-------- DATA EXTRACT --------

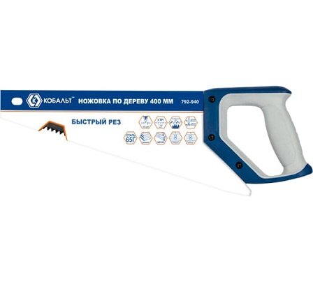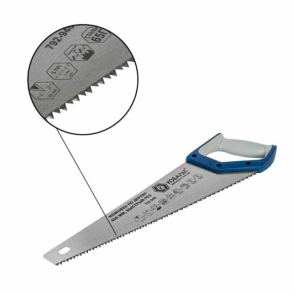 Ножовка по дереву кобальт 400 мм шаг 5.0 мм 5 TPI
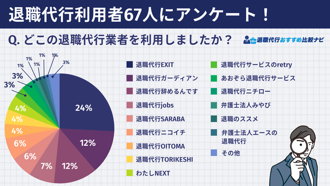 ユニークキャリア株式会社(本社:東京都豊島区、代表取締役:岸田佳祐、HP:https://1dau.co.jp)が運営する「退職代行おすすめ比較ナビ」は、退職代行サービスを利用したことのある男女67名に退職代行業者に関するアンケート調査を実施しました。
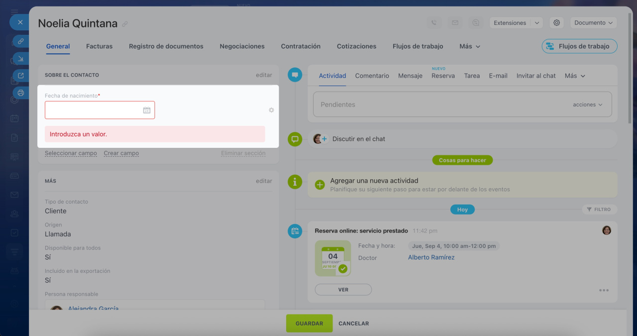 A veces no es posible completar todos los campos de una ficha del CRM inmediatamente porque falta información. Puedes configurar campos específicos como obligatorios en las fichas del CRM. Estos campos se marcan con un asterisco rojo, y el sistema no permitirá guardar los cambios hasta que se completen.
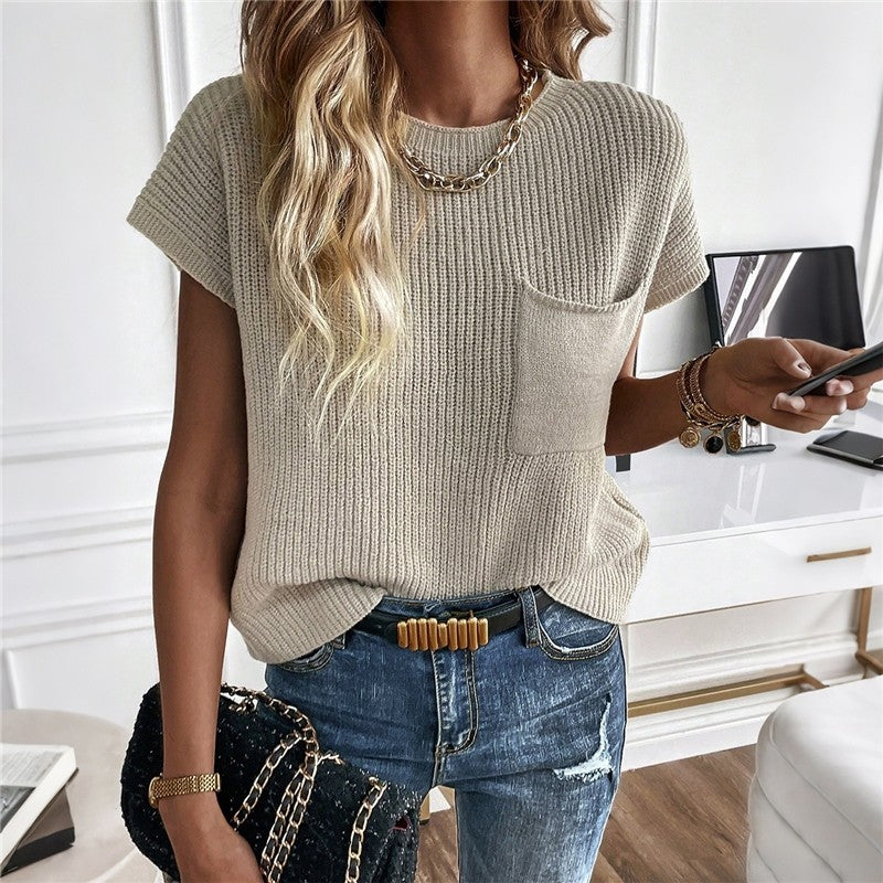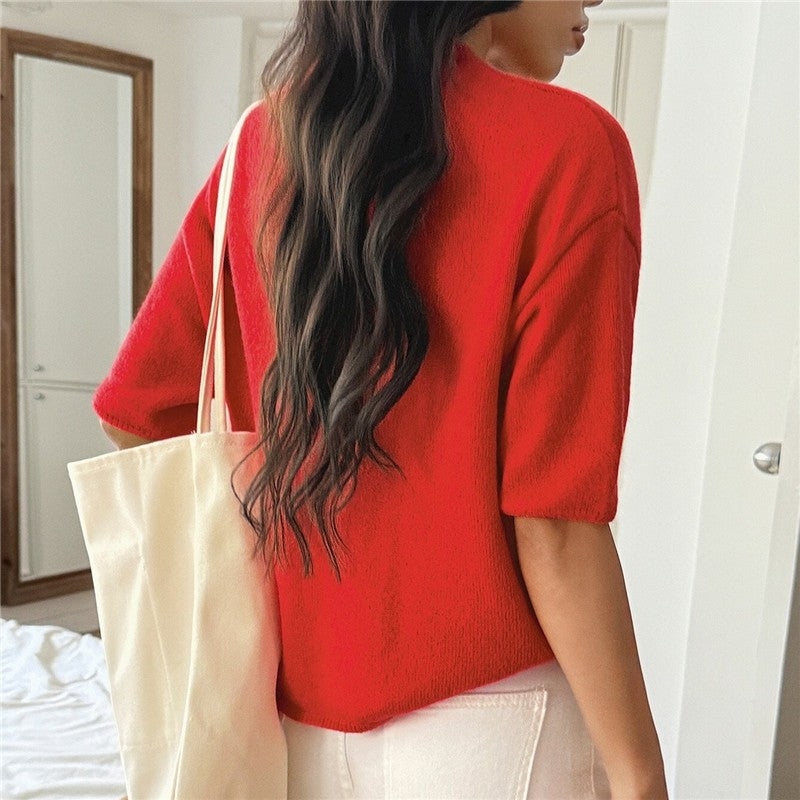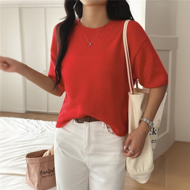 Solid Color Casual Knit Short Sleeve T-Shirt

--------

DIRECTIONS FOR THIS TASK: Copy the listing word for word, excluding its pictures.

EXERCISE RESPONSE:
 Ножовка по дереву кобальт 400 мм шаг 5.0 мм 5 TPI
 ユニークキャリア株式会社(本社:東京都豊島区、代表取締役:岸田佳祐、HP:https://1dau.co.jp)が運営する「退職代行おすすめ比較ナビ」は、退職代行サービスを利用したことのある男女67名に退職代行業者に関するアンケート調査を実施しました。
 A veces no es posible completar todos los campos de una ficha del CRM inmediatamente porque falta información. Puedes configurar campos específicos como obligatorios en las fichas del CRM. Estos campos se marcan con un asterisco rojo, y el sistema no permitirá guardar los cambios hasta que se completen.
 Solid Color Casual Knit Short Sleeve T-Shirt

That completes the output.